Not Everyone Reads the Room the Same

by
jelizondo
from SoylentNews on (#72GKC)

hubie writes:

Some brains perform a complicated assessment while others seem to take a shortcut:

Are you a social savant who easily reads people's emotions? Or are you someone who leaves an interaction with an unclear understanding of another person's emotional state?

New UC Berkeley research suggests those differences stem from a fundamental way our brains compute facial and contextual details, potentially explaining why some people are better at reading the room than others - sometimes, much better.

Human brains use information from faces and background context, such as the location or expressions of bystanders, when making sense of a scene and assessing someone's emotional state. If someone's facial expression is clear, but the emotional information in the context is unclear, most people's brains will heavily weigh the clear facial expression and minimize the importance of the background context. Conversely, if a facial expression is ambiguous but the background context provides strong cues of how a person feels, they'll rely more on the context to understand the person's emotions.

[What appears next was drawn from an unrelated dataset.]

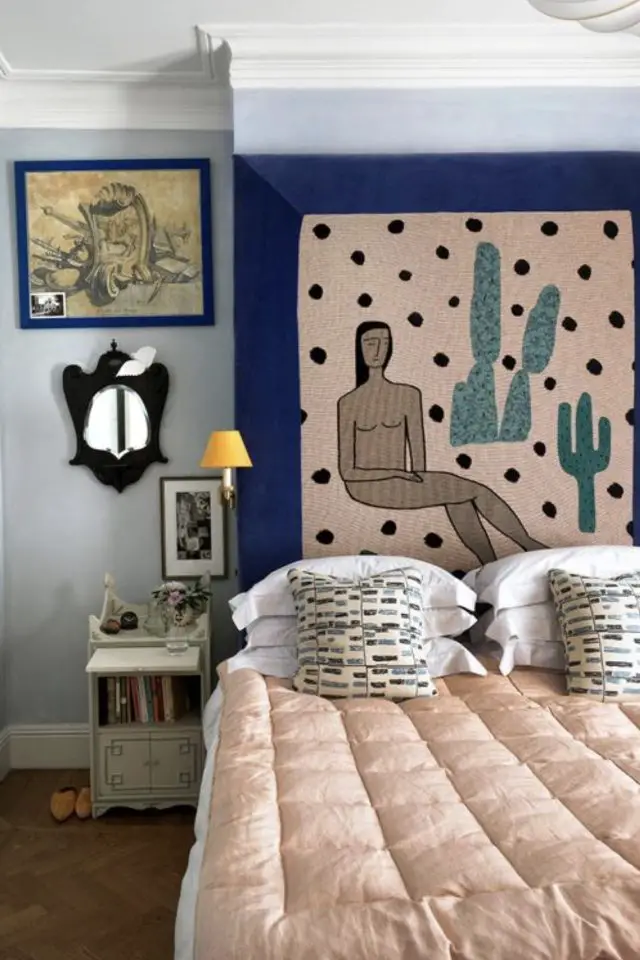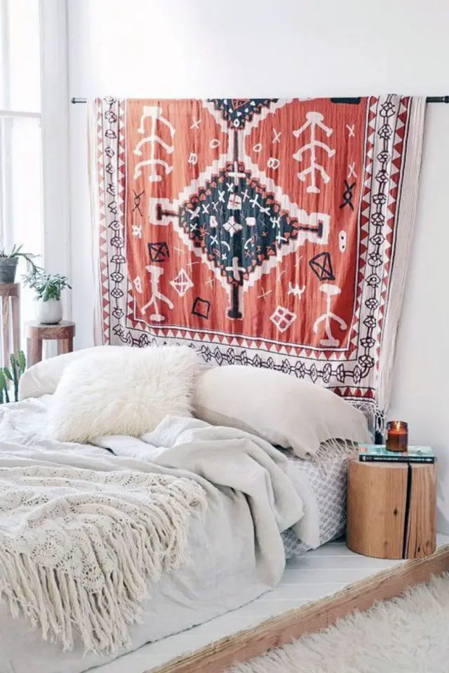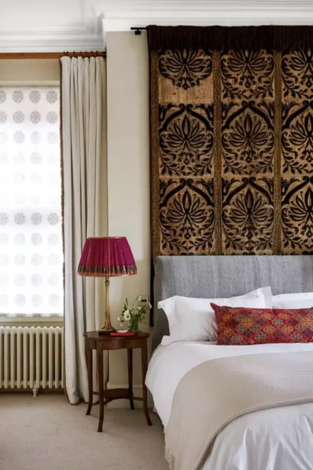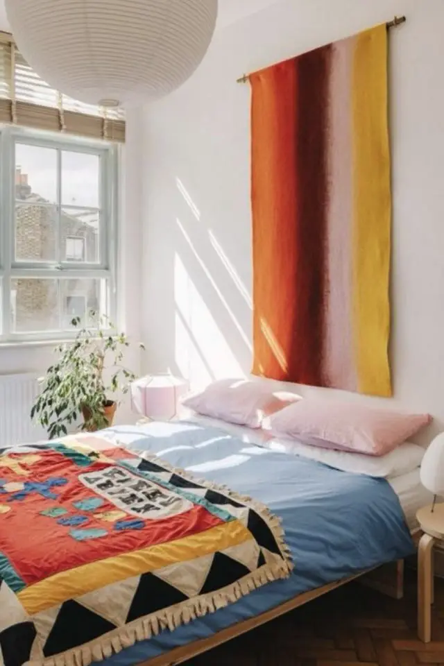 C'est probablement la solution que je préfère dans cet article. C'est facile et rapide à poser, ça ne demande pas de percer 36 trous dans le mur. J'aime aussi beaucoup l'idée de décorer le mur avec des textiles. Comme on est à proximité immédiate du lit, les tentures et tapisseries textiles créent un effet de prolongement assez cosy sur le mur. Et troisième point qui me parle: elles apportent couleurs et motifs. C'est top dans une chambre unie dans une couleur neutre. En quelques instants, la tenture va apporter une nouvelle dimension à votre déco de chambre.

Think of it like a close-up photo of a person crying. Without background context, you might assume they're sad. But with context - a wedding altar, perhaps - the meaning shifts significantly.

It adds up to a complex statistical assessment that weighs different cues based on their ambiguity.

But while most people are naturally able to make those judgment calls, Berkeley psychologists say that others seemingly treat every piece of information equally. This discrepancy between complex calculus and simple averages might explain our vast differences in understanding emotions, said Jefferson Ortega, lead author of the study published today (Dec. 16) in Nature Communications.

"We don't know exactly why these differences occur," said Ortega, a psychology Ph.D. student. "But the idea is that some people might use this more simplistic integration strategy because it's less cognitively demanding, or it could also be due to underlying cognitive deficits."